Copy out the data exactly, leaving the pictures behind.

▶ [Stored data]
== Segment start ==
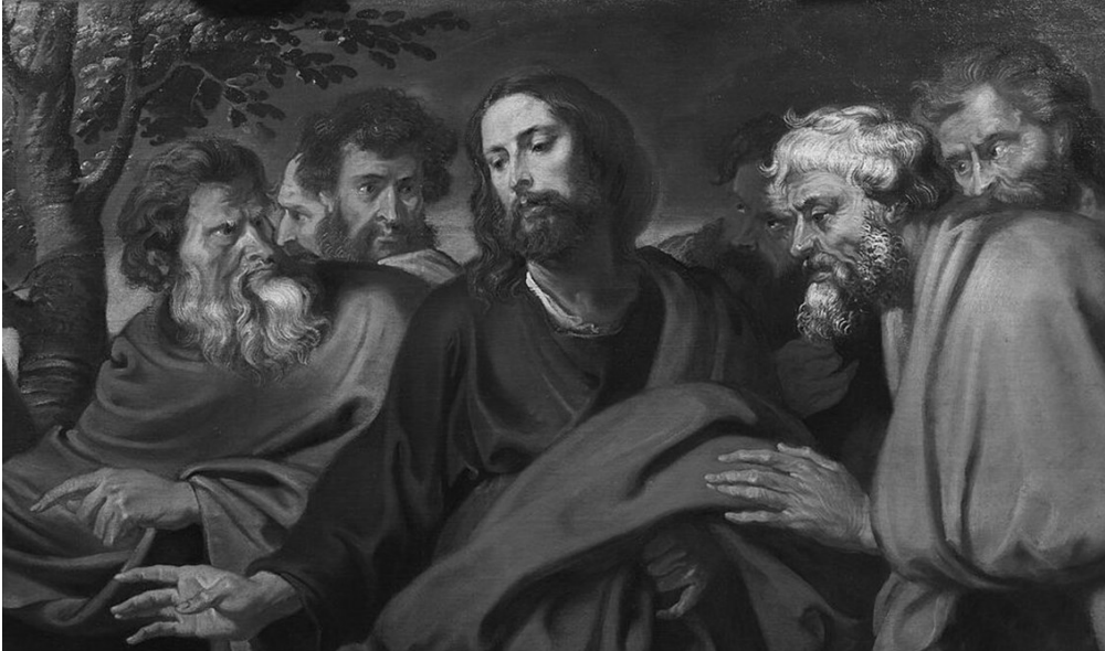
Christ and the Apostles, Anthony van Dyck, 1599-1641
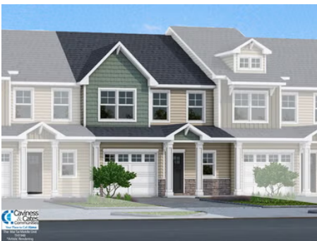
Middle Unit with Shake
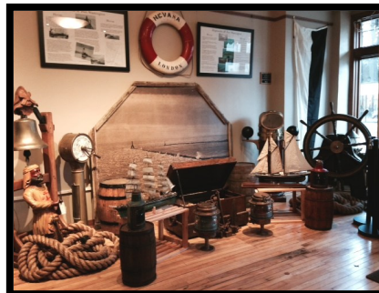
First floor display area

Several recent projects over the past four years have been the recording of oral histories of older members and residents, capturing their stories, memories, and perspectives on the changing community. More than 30 tapings have been made to date. Another project has been the ongoing designation of historic markers, assisting property owners and Eagle Scout candidates. Another
== Segment end ==
▶ [Reply to the exercise]
Christ and the Apostles, Anthony van Dyck, 1599-1641
Middle Unit with Shake
First floor display area

Several recent projects over the past four years have been the recording of oral histories of older members and residents, capturing their stories, memories, and perspectives on the changing community. More than 30 tapings have been made to date. Another project has been the ongoing designation of historic markers, assisting property owners and Eagle Scout candidates. Another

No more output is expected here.